Selling vacuum cleaners for the Rainbow Corporation.  I kind of got sucked into this one.  (haha, JOKE)  But I did have some friends doing it, so I went through the training and everything.  On my first practice demo, I collared Jim Jones (not the famous dead one, but the former Executive Director of College Houses) and he sat patiently through my whole spiel, until the end when we got to financing.  Jim was a numbers guy, so he perked up for this part.  When I showed him the financing options, he said, “Mike, that’s usurious.”  “Why, thank you, Jim.  It was my first time,” I beamed, sure I was receiving a compliment.  (I did not know what ‘usurious’ meant, but it sounded important.)  “No, that means charging an illegally high rate of interest.”  “OH!”  I decided then and there to call my supervisor, sure that this was an oversight that he would immediately correct.  And he did, by firing me over the telephone.
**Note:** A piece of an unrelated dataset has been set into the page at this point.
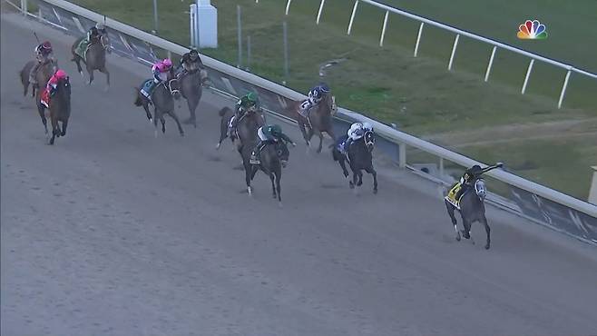 (서울=연합뉴스) 한국마사회 소속 경주마 닉스고(Knicks Go)가 24일 미국 플로리다주 핼런데일비치의 걸프스트림 경마장에서 열린 페가수스 월드컵에서 우승을 차지했다.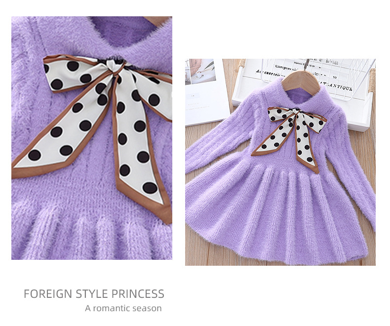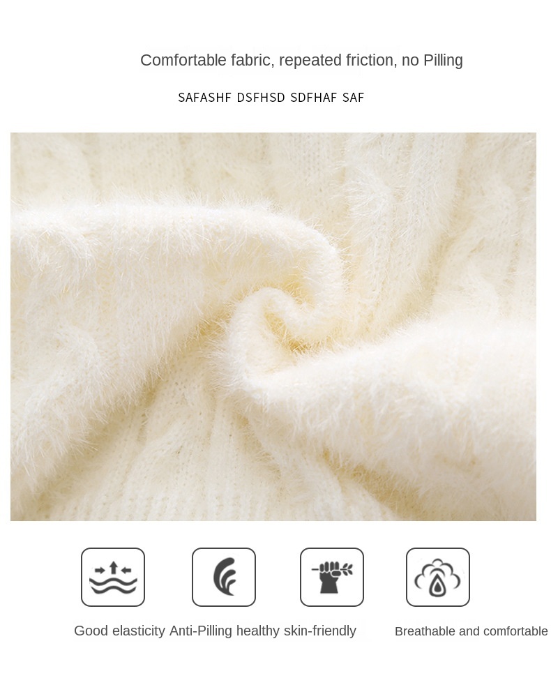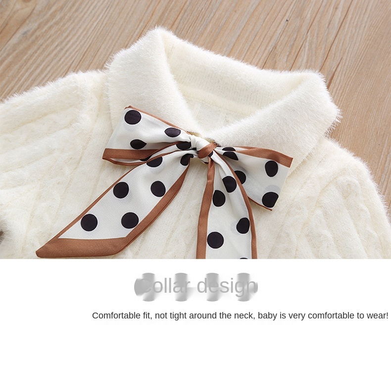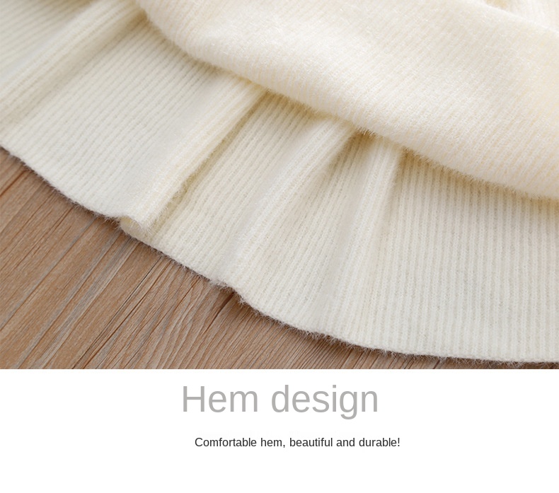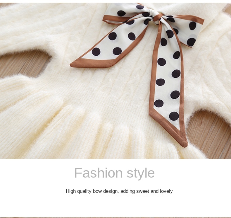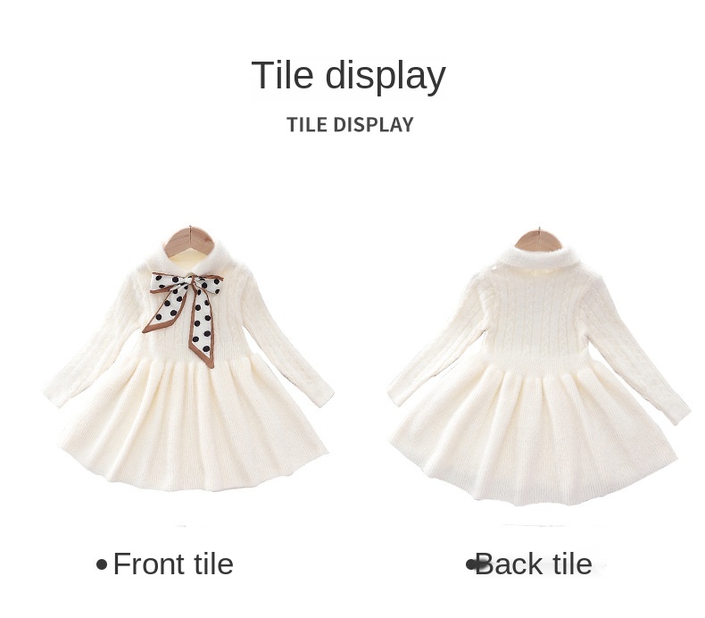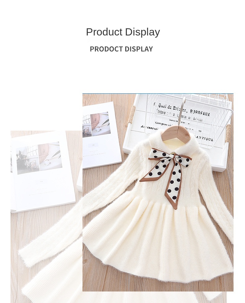 Winter New Cotton Long Sleeve Anti-Wrinkle Knitted White Sweater Girls Dress

Lakeshore Seafood, Oakland CA.  By now my UT days were well behind me, and I was putting my degree to good use by working for the next ten years in restaurants.  The first one was as a lunch prep/line cook for a little place in Oakland that was just a few blocks walk from my house.  How I loved this job!  It was mindless and sunny, just like California.  I worked with fun people.  I might be there yet, except there was one small problem.  The owner’s wife came in every day for lunch, hung out for two hours eating, and then would go in the lady’s room and have a thirty-minute episode of semi-public bulimia.  Did I mention this couple was Chinese and incredibly wealthy, with a string of Bay Area restaurants?  But somehow ours got lucky for the lunch crowd.  Maybe she went elsewhere for breakfast and dinner. <shudder>  Also, another little adventure at this joint: one day, an African-American homeless man came in and got about three feet into the doorway when our manager, a big guy, came charging up from the back and gave him the bum’s rush onto the sidewalk.  Coming back in, he said, “That was Huey Newton.”  Look him up, youngsters.  Despite popular myth, California is not always sunny.

A whole bunch of other restaurants.  Who came first?  Couldn’t say for sure, and Pete Townshend‘s not returning my calls.